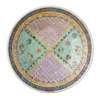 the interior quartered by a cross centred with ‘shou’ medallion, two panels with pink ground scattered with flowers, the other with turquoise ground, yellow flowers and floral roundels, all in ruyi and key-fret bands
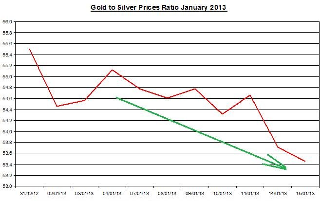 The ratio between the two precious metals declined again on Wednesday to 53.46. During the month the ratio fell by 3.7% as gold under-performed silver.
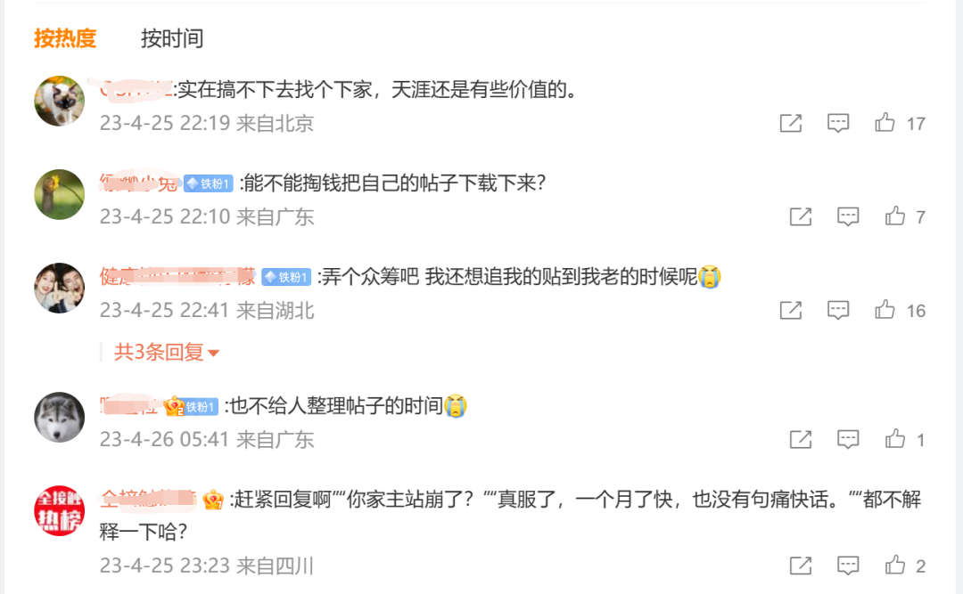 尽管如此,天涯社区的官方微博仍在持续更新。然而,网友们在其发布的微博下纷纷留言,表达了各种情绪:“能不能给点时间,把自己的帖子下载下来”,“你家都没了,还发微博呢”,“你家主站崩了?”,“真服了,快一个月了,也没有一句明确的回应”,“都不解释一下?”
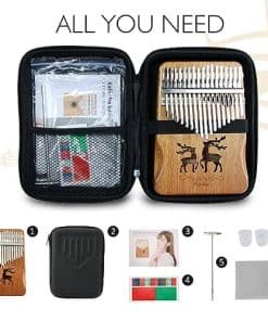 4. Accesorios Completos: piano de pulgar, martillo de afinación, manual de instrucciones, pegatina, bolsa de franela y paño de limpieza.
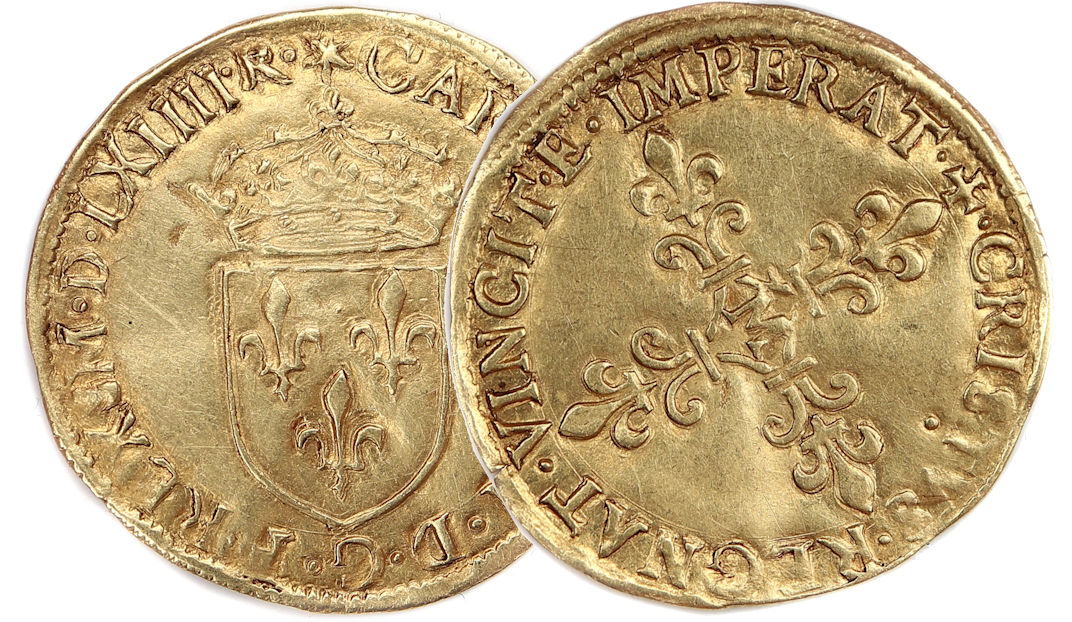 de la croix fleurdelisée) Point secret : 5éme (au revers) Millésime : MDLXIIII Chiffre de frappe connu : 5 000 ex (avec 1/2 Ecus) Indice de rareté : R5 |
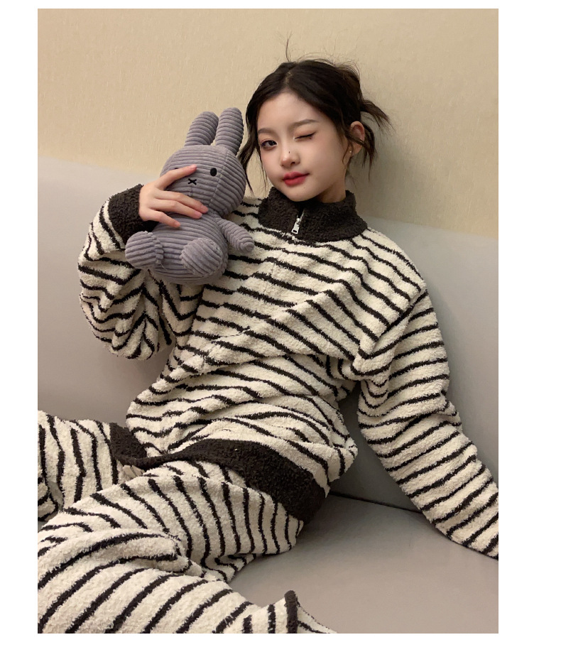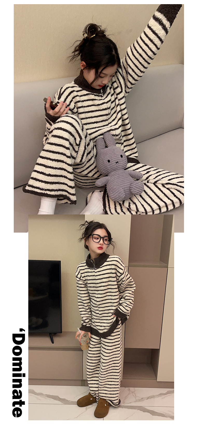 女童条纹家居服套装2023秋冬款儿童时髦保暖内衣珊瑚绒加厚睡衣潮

» How to complete this task
Any pictures are to be skipped, and the lines from the beginning of the entries through the line with "4. Accesorios Completos: piano" copied exactly.

» Result for this exercise
 the interior quartered by a cross centred with ‘shou’ medallion, two panels with pink ground scattered with flowers, the other with turquoise ground, yellow flowers and floral roundels, all in ruyi and key-fret bands
 The ratio between the two precious metals declined again on Wednesday to 53.46. During the month the ratio fell by 3.7% as gold under-performed silver.
 尽管如此,天涯社区的官方微博仍在持续更新。然而,网友们在其发布的微博下纷纷留言,表达了各种情绪:“能不能给点时间,把自己的帖子下载下来”,“你家都没了,还发微博呢”,“你家主站崩了?”,“真服了,快一个月了,也没有一句明确的回应”,“都不解释一下?”
 4. Accesorios Completos: piano de pulgar, martillo de afinación, manual de instrucciones, pegatina, bolsa de franela y paño de limpieza.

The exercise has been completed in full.